Suddenly she threw her arms over her head and broke into stifled sobs.

Friedrich was torn with distress. He drew her to the fire, and established her in a big chair, wrapping her warmly in a rug from the couch. Somewhere he found a glass of wine, and made her take it. Then he knelt beside her, rubbing the fingers that were cold and cramped from Bob's long clasp, and talking softly to her as to a child.

God alone knows the force he put upon himself not to take her in his arms and comfort her on his breast; not to pour into her ears the words that were burning his heart out. Drops of moisture stood on his forehead as he resisted the temptation that was the stronger because he felt that she returned his love, and that these forbidden words would be her greatest comfort. But Sydney was not insensible of their subtle, unspoken sympathy, and at last yielded to the solace of warmth and the consciousness of being cared for, and, exhausted, closed her eyes in sleep.
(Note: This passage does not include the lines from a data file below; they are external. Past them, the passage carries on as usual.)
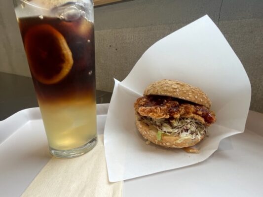 チキンカツサンドとレモネードコーヒーを注文🥯
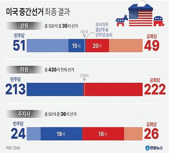 주요 법안 표 결 시 1표라도 이탈표가 나올까 봐 노심초사했다. 하지만 이번 중간선거에서 민주 당은 상원 의석을 1석 더 확보함에 따라 1표의 이탈표까지는 감내할 수 있게 돼 바이든 대통령은 훨씬 정치적 부담을 덜게 됐다. 다만 이번 중간선거 결과 하원 은 야당인 공화당이 장악해 바이 든 행정부의 집권 후반기 2년간 미 의회는
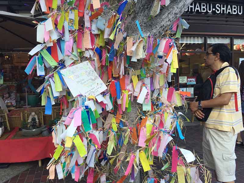 An onlooker reads wishes attached to a tree in front of Blooming Art Gallery where customers can purchase paper for 50 cents to write down their wishes.
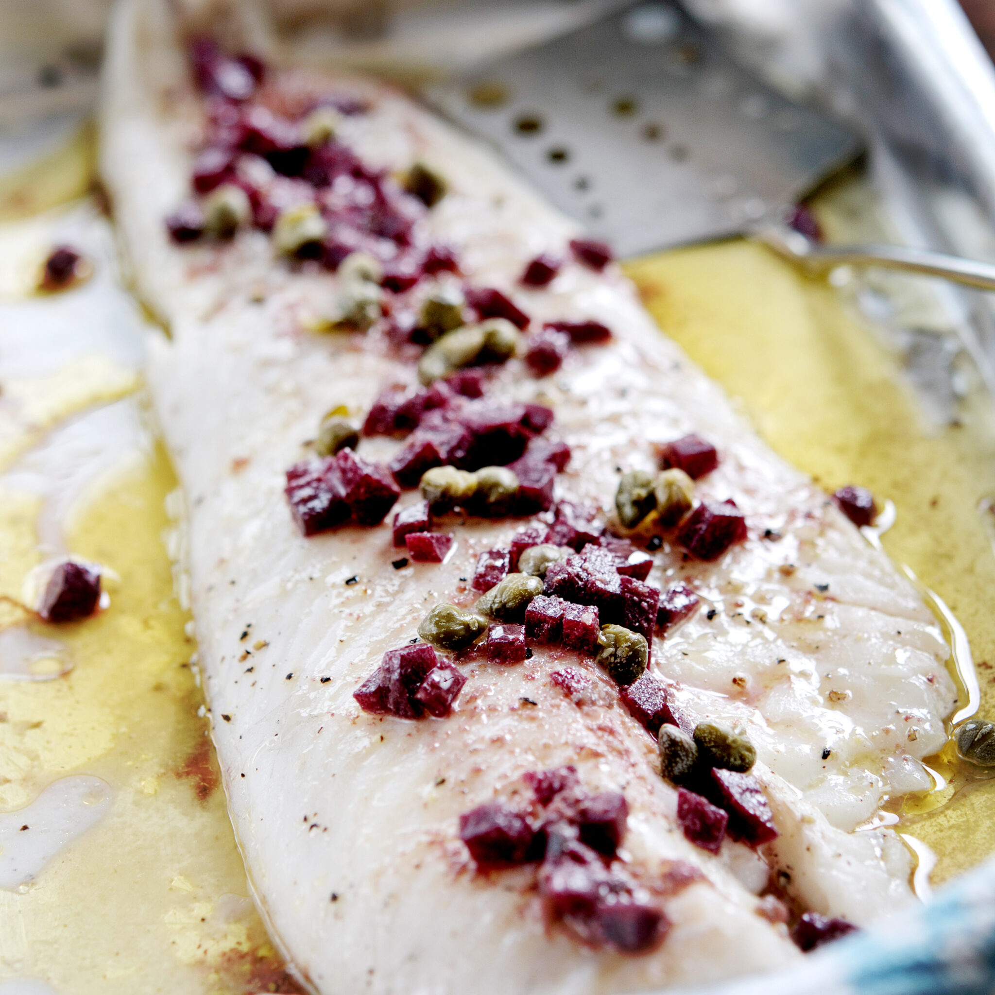 Ugnsbakad bleka med brynt ansjovis- och rödbetssmör

Friedrich stirred the fire and watched its light play on the face of the woman he loved, and gave himself up to wonder and longing and regret.

* * * * *

Unless it had been that of Dr. Morgan himself, no other death in all the country round could have touched so nearly so many hearts. Around the grave, lined with the glistening laurel-leaves of victory, stood old and young, rich and poor, men and women, and even little children. There were those who had come because he was the Doctor's son; there were those who had been with him on many a gay excursion; there were those who had experienced his tenderness and loving-kindness. Old man Johnson, from over the river, who had walked eight painful miles, laid the first shovelful of earth into the grave. Patton McRae helped to cover his life-long friend. The negroes from the farm sobbed audibly as they worked. A tramp came into the graveyard from the road and asked whose buryin' it was. They told him, and he swore softly, and begged to be allowed to help. John Wendell yielded his shovel to Hamp Pinner, and he to Colonel Huger.

Then the women came forward and covered the mound with boughs of green, and clusters of flowers, and sprays of bright leaves, and Sydney laid about the whole grave a garland of feathery aster and delicate fern. Through the quiet came a sweet, sonorous voice reading the words of the hymn,--

"Love's redeeming work is done, Fought the fight, the victory won."

Out of the church-yard, side by side, with bowed heads, walked Bud Yarebrough and Friedrich von Rittenheim,--the man whose fragile honor had been preserved by Bob's act, and the man whose life he had given his own to save.